Suppose I'm given a large sets of csv files and I would like to read them into python and combine them in a certain way. Some key characteristics about the files
- Index is like a time dimension
- Column are specific entities
- Index of different files may be overlapping, but the value should be the same
- not all files have the same amount of columns
At the end I would like to have a huge data frame, collecting all entities over the whole time window.
Let me give an example
import pandas as pd
df_1 = pd.DataFrame(data=[[np.nan, 2],[np.nan, 4],[np.nan, 8]],index = [0,1,2],columns=["A","B"])

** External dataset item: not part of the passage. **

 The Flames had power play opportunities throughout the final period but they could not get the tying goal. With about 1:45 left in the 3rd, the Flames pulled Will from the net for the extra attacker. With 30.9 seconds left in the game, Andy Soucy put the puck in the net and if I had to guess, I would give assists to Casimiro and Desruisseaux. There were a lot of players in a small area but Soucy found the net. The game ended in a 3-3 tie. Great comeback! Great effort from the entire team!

df_2 = pd.DataFrame(data=[[4, 8, 2],[4, 2, 8],[6, 1, 1]],index = [2,3,4],columns=["A","B","C"])
df_3 = pd.DataFrame(data=[[2, np.nan, 4],[8, np.nan, 8],[1, 8, 10]],index = [2,3,4],columns=["C","D","E"])
df_end = pd.DataFrame(data=[[np.nan, 2, np.nan, np.nan, np.nan],[np.nan, 4, np.nan, np.nan, np.nan],[4, 8, 2, np.nan, 4], [4, 2, 8, np.nan, 8], [6, 1, 1, 8, 10]],index = [0, 1, 2, 3, 4],columns=["A","B","C","D","E"])

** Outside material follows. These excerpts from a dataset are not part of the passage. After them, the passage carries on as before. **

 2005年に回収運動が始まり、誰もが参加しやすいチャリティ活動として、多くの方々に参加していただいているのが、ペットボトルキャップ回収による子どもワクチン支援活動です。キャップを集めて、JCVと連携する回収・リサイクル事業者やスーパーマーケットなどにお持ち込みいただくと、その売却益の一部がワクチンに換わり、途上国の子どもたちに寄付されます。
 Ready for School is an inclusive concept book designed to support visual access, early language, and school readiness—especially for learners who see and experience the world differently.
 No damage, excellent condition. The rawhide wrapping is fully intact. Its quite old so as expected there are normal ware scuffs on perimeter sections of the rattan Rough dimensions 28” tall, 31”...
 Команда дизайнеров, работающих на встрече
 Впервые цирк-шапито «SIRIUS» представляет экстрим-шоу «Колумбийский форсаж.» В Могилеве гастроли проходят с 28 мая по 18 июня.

So as you see, we have three data frames and I envision to have the end result as outlined in df_end
. In reality, the data frames are much larger but the toy example should make clear what I try to achieve.
I've tried to do something like this:
temp = pd.concat([df_1,df_2,df_3])
temp[~temp.index.duplicated(keep="first")]
which didn't show the desired result.